═════ Given information ═════
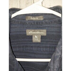 Eddie Bauer Men's Tall Large Blue Striped Canvas Long Sleeve Shirt
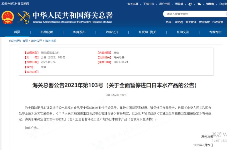 8月24日,我國海關總署發布通告,宣布全面暫停進口日本水產品。
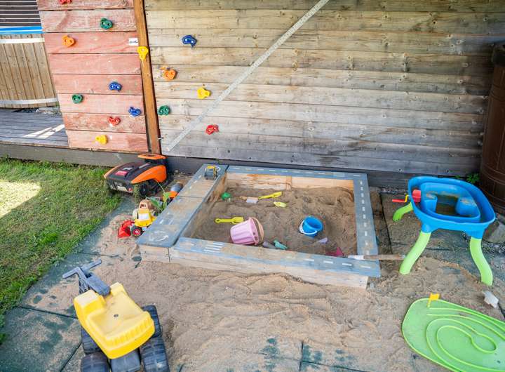 Der große Garten mit XXL-überdachter Terrasse, Spielturm und viel Platz zum Entspannen ist ein echtes Highlight für Familien. Für Wellness sorgt die integrierte Sauna, die zu erholsamen Stunden einlädt.
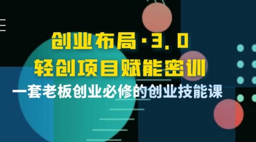 源码村资源网 » 创业布局·3.0轻创项目赋能密训,一套老板创业必修的创业技能课
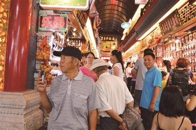 大栅栏几个街巷到底有多少家老字号?漫步其中,数着数着大小不一、书体各异的招牌名字,不一会儿就在光影里数不清了。一家家老字号,经历了跌宕起伏、兴衰荣辱的岁月,至今依然温润怡人。商业是其一,文化更是其一。
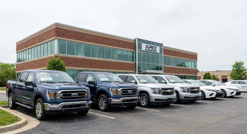 Financial Profile: 2026 projected business income: $450,000 before vehicle deductions. Current vehicle fleet aging, with a 2012 F-150 approaching replacement and a 2008 GMC Sierra due for retirement. Total vehicle costs: $85,000 for two new U.S.-assembled pickup trucks.
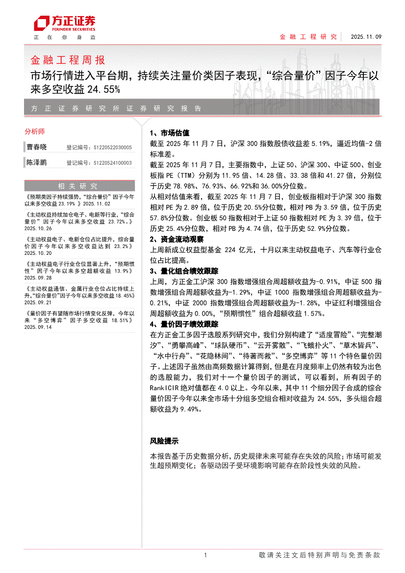 方正证券-金融工程周报:市场行情进入平台期,持续关注量价类因子表现,“综合量价”因子今年以来多空收益24.55%-251109
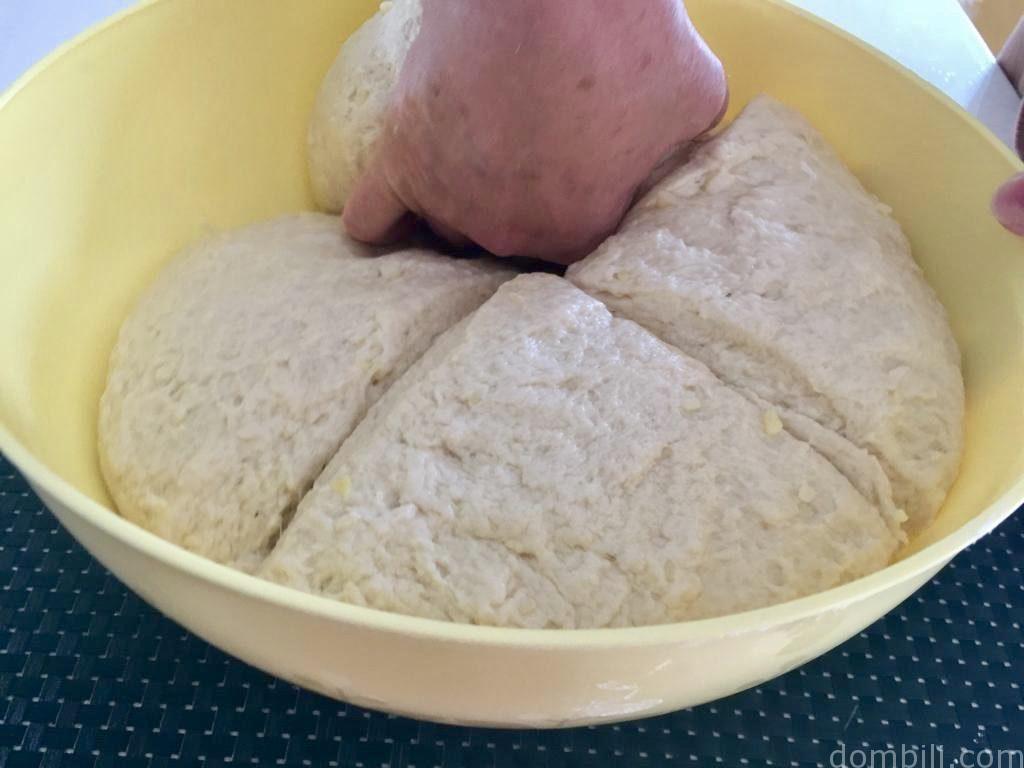 Ekmek yapmak için yağlı elimizle tek parça hamur alınır.
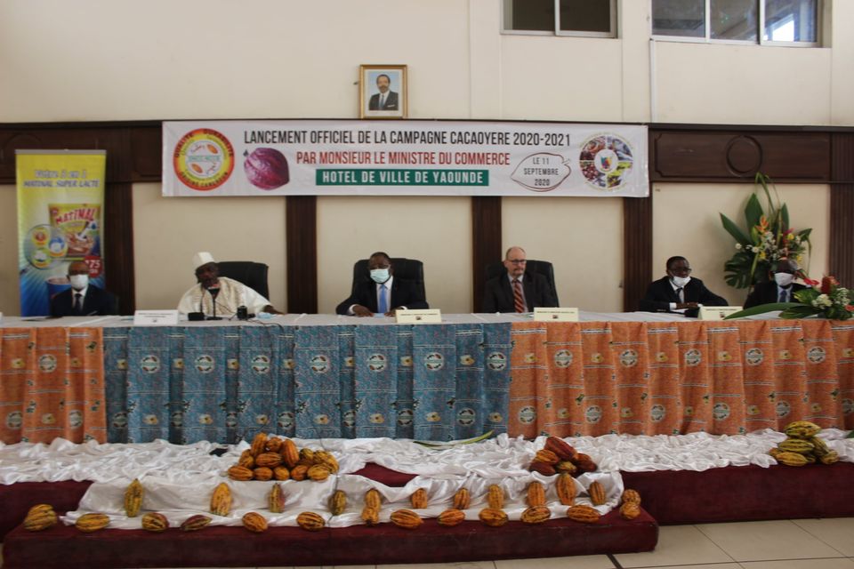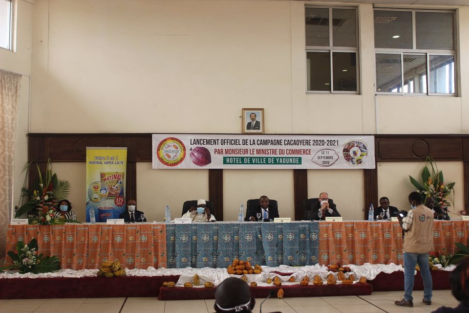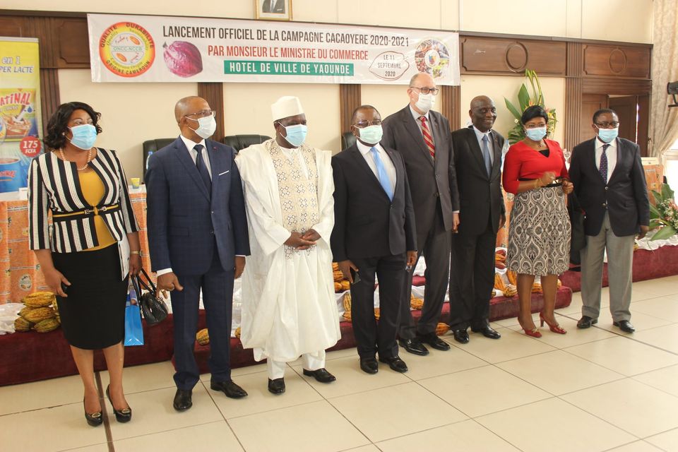 Le Ministre du Commerce, Luc Magloire MBARGA ATANGANA a présidé le point de presse marquant le lancement officiel de la campagne cacaoyère 2020-2021 à l’hôtel de ville de Yaoundé ce 11 septembre 2020. Il était accompagné de son collègue Gabriel MBAIROBE de l’Agriculture et du Développement durable, de Michel ARRION, Directeur Exécutif de l’Organisation Internationale du Cacao (ICCO), de l’autorité administrative de la Région du Centre ainsi que des présidents du Conseil Interprofessionnel du Cacao et du Café (CICC) et de l’Office National du Cacao et du Café (ONCC).
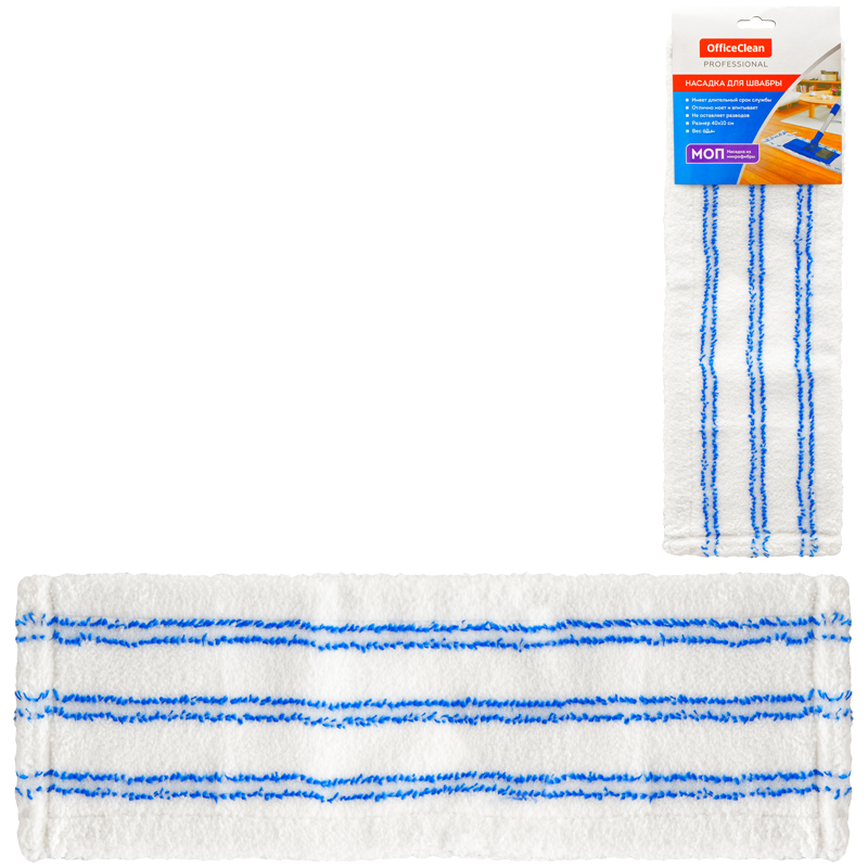 Насадка Моп плоская 40х10см, OfficeClean Professional с карманами, микрофибра/абразив, бело-синяя 23
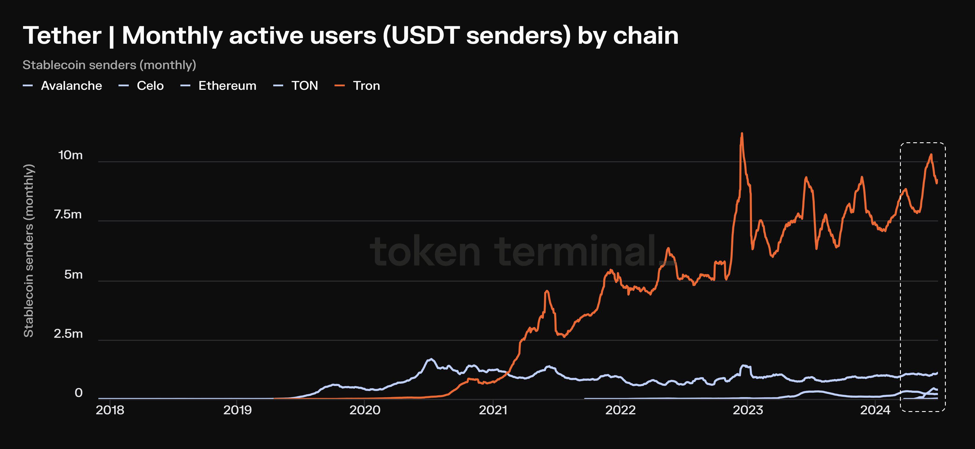 6月29日消息,据Token Terminal数据,Tether 的 USDT 每月有 1090 万活跃用户(MAU),其中 84.3%(920 万)的月活跃用户来自 Tron。
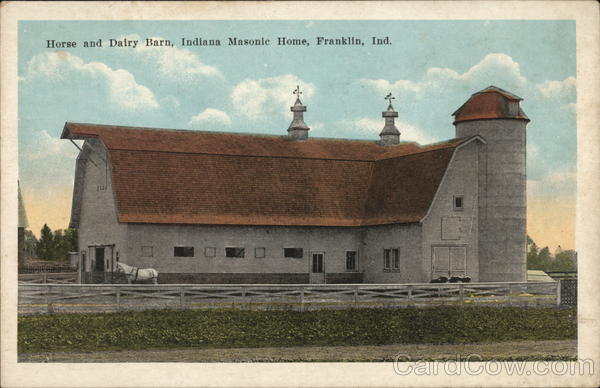 Front: Horse and Dairy Barn, Indiana Masonic Home, Franklin, Ind. tul 000 TI Back: E. C. KROPP CO., MILWAUKEE 24244N Co 300
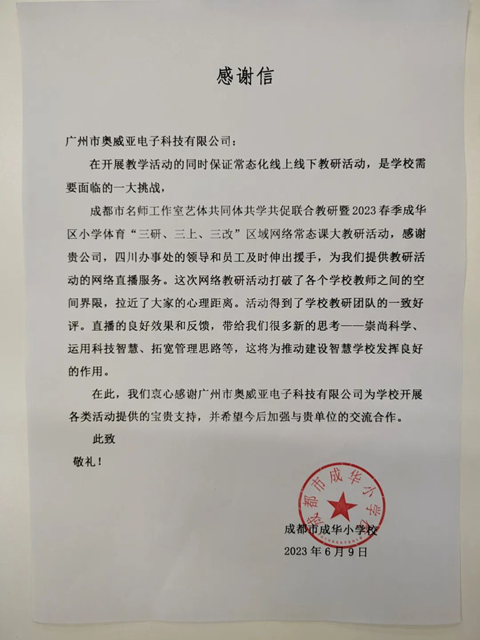 在四川,奧威亞的服務(wù)足跡已經(jīng)遍布17個市州,橫跨東西1300公里。隨著項目的不斷落地,我們也收到了多所學(xué)校的高度肯定!
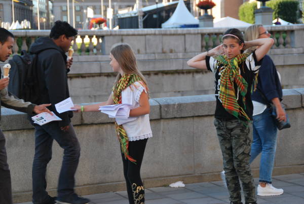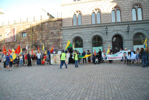 Yol boyunca özgürlük türküleri söyleyen “PKK halktır, halk biziz”, “Türk ordusu Kürdistan'dan defol”, “Katil Erdoğan”, “Öcalan'a özgürlük, Kürdistan'a barış” sloganları atarak parlamento binasının yanındaki Mynttorget Meydanı'na geldi.
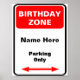 Rótulo de estacionamiento de zonas de cumpleaños personalizado
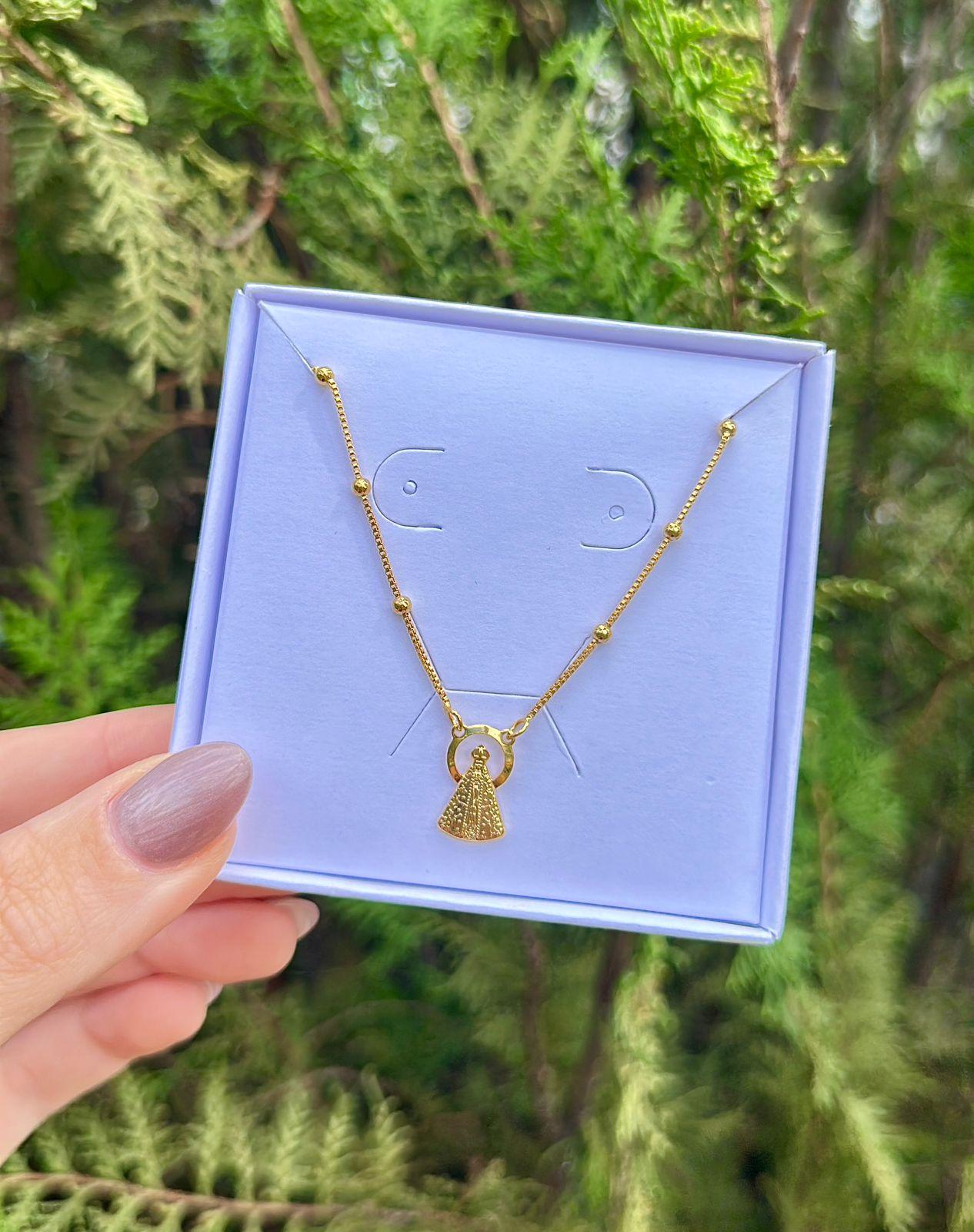 Colar Bolinhas Nossa Senhora Folheado Ouro 18k
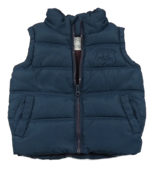 Tmavomodrá šusťáková zateplená vesta s výšivkou Rebel
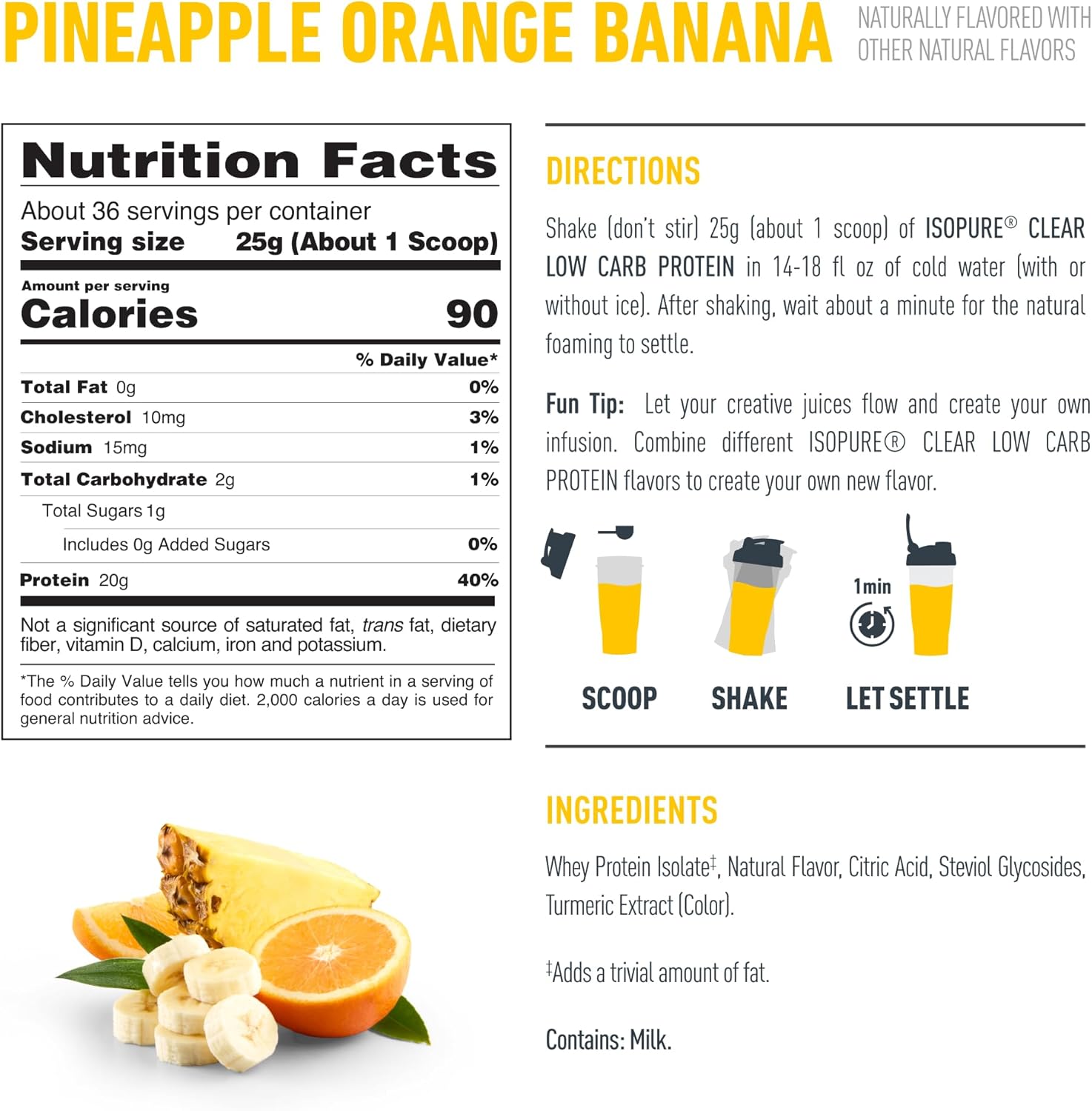 About this item One 1.9 lb container (36 servings) of Isopure 100% Pure Whey Isolate Protein Powder Infusions in dynamically delicious Pineapple Orange Banana flavor 20 grams of 100% pure whey protein isolate powder in a clear protein drink is the ideal choice for healthy adults looking to maintain a high-protein intake to meet their daily protein needs Stick to your wellness goals with a delicious protein drink designed to help supplement your protein intake with simple ingredients, pure protein, and tasty flavor With zero added sugar, this pineapple orange banana flavored protein powder still tastes delicious when mixed with 10-16 fl oz of cold water Supporting everyday nutrition and post workout recovery is easy for any lifestyle thanks to the blend of five ingredients in Isopureās tasty protein supplement See more product details,One 1.9 lb container (36 servings) of Isopure 100% Pure Whey Isolate Protein Powder Infusions in dynamically delicious Pineapple Orange Banana flavor,20 grams of 100% pure whey protein isolate powder in a clear protein drink is the ideal choice for healthy adults looking to maintain a high-protein intake to meet their daily protein needs,Stick to your wellness goals with a delicious protein drink designed to help supplement your protein intake with simple ingredients, pure protein, and tasty flavor,With zero added sugar, this pineapple orange banana flavored protein powder still tastes delicious when mixed with 10-16 fl oz of cold water,Supporting everyday nutrition and post workout recovery is easy for any lifestyle thanks to the blend of five ingredients in Isopureās tasty protein supplement
═════
Work request ::
Nothing but the lines from the one containing "Financial Profile: 2026" through the one containing "Ekmek yapmak için" should appear, copied exactly from the material above and without pictures.

Answer to this exercise ::
 Financial Profile: 2026 projected business income: $450,000 before vehicle deductions. Current vehicle fleet aging, with a 2012 F-150 approaching replacement and a 2008 GMC Sierra due for retirement. Total vehicle costs: $85,000 for two new U.S.-assembled pickup trucks.
 方正证券-金融工程周报:市场行情进入平台期,持续关注量价类因子表现,“综合量价”因子今年以来多空收益24.55%-251109
 Ekmek yapmak için yağlı elimizle tek parça hamur alınır.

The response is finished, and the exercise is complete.